SUPPLIED RECORDS ->
--

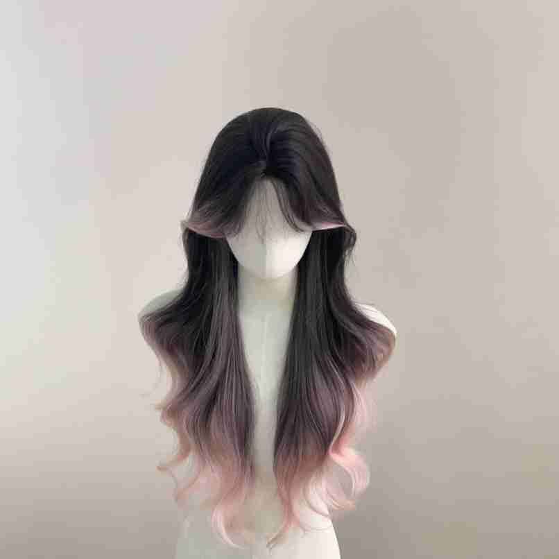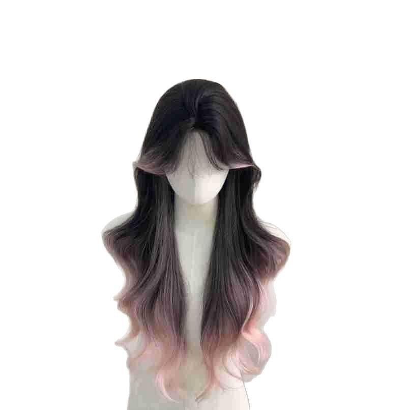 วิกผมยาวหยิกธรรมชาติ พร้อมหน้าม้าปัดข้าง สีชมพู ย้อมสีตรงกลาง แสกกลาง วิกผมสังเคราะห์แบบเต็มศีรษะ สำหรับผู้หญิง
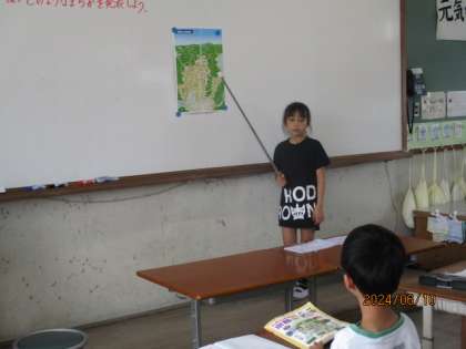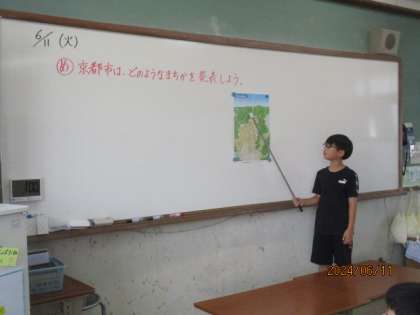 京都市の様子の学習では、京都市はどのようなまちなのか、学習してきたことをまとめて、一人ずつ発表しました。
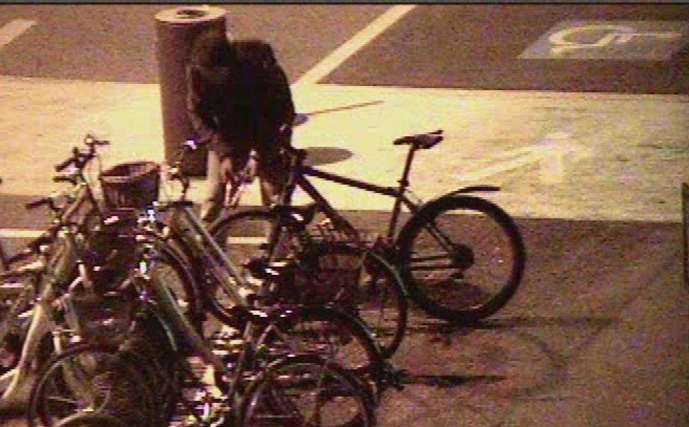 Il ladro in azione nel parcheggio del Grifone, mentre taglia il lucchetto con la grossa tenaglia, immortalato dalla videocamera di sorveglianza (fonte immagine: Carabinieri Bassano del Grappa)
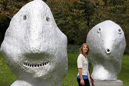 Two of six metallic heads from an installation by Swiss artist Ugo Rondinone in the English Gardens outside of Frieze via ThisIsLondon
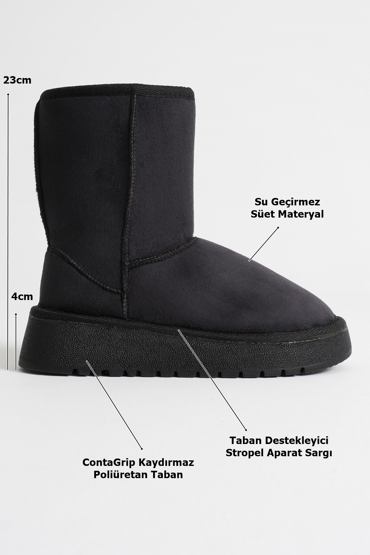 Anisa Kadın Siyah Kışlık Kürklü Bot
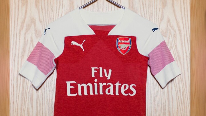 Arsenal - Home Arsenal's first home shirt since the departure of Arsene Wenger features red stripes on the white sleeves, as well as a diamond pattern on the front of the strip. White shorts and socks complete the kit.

--

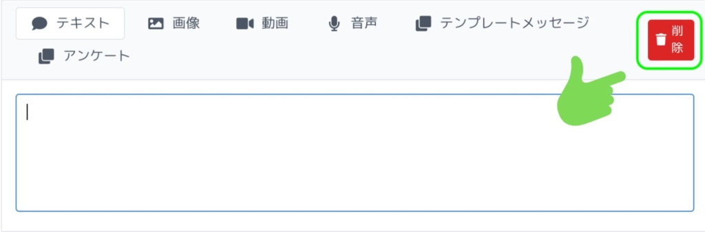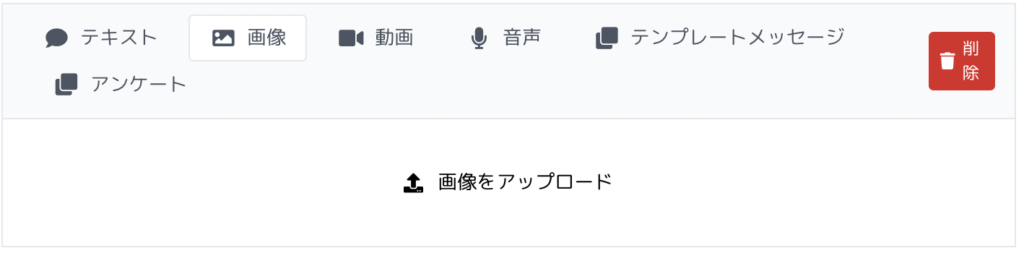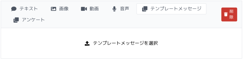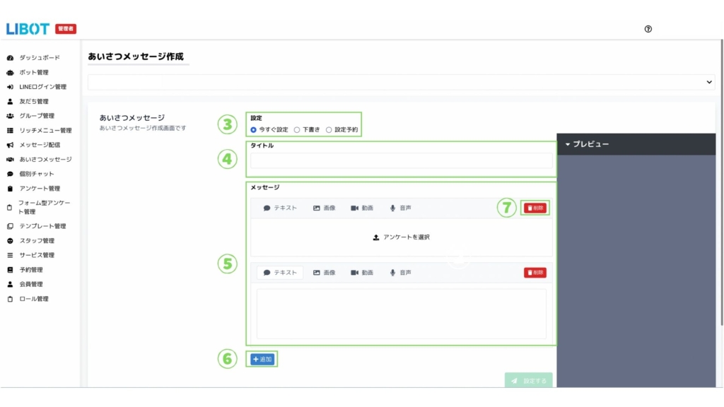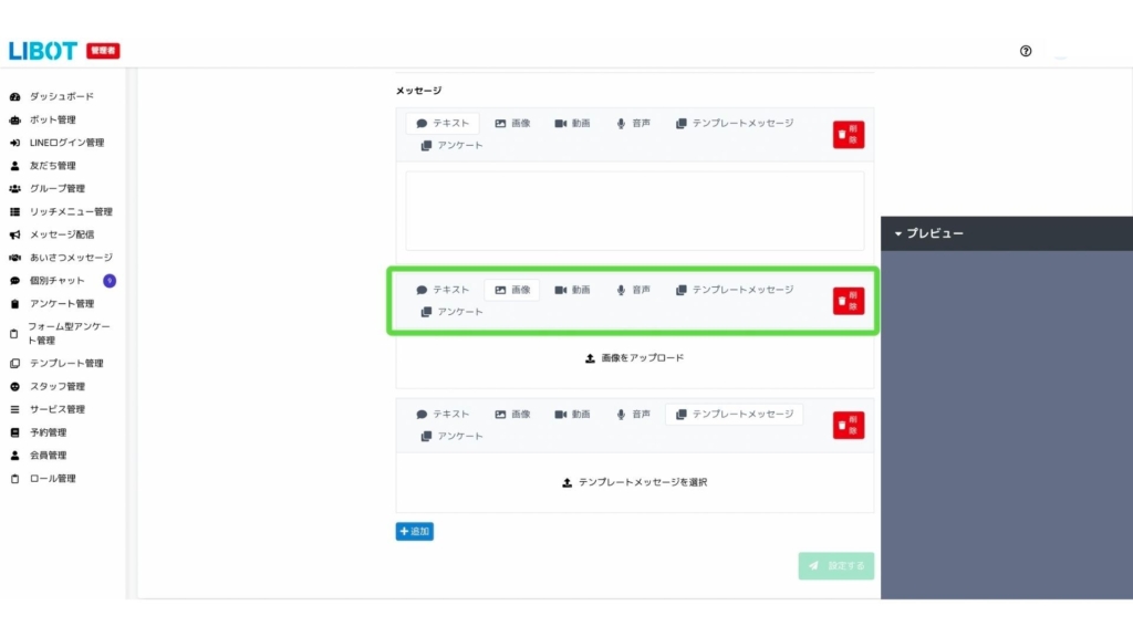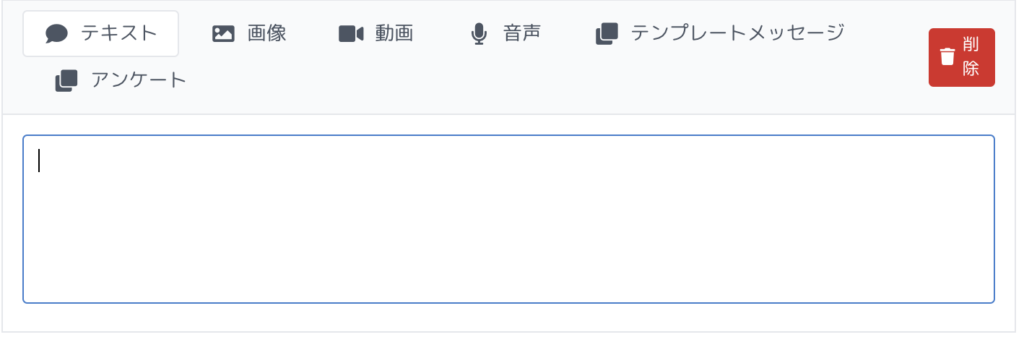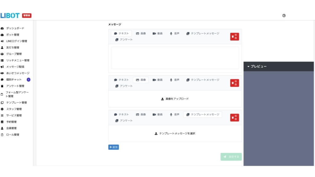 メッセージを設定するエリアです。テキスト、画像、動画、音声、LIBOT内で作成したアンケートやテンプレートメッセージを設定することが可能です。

--

TASK STATEMENT -> In the listing above, find the line containing "วิกผมยาวหยิกธรรมชาติ พร้อมหน้าม้าปัดข้าง สีชมพู" and the line containing "Arsenal - Home", then print exactly those two lines and every line between them, minus the pictures.

RESPONSE BELOW ->
 วิกผมยาวหยิกธรรมชาติ พร้อมหน้าม้าปัดข้าง สีชมพู ย้อมสีตรงกลาง แสกกลาง วิกผมสังเคราะห์แบบเต็มศีรษะ สำหรับผู้หญิง
 京都市の様子の学習では、京都市はどのようなまちなのか、学習してきたことをまとめて、一人ずつ発表しました。
 Il ladro in azione nel parcheggio del Grifone, mentre taglia il lucchetto con la grossa tenaglia, immortalato dalla videocamera di sorveglianza (fonte immagine: Carabinieri Bassano del Grappa)
 Two of six metallic heads from an installation by Swiss artist Ugo Rondinone in the English Gardens outside of Frieze via ThisIsLondon
 Anisa Kadın Siyah Kışlık Kürklü Bot
 Arsenal - Home Arsenal's first home shirt since the departure of Arsene Wenger features red stripes on the white sleeves, as well as a diamond pattern on the front of the strip. White shorts and socks complete the kit.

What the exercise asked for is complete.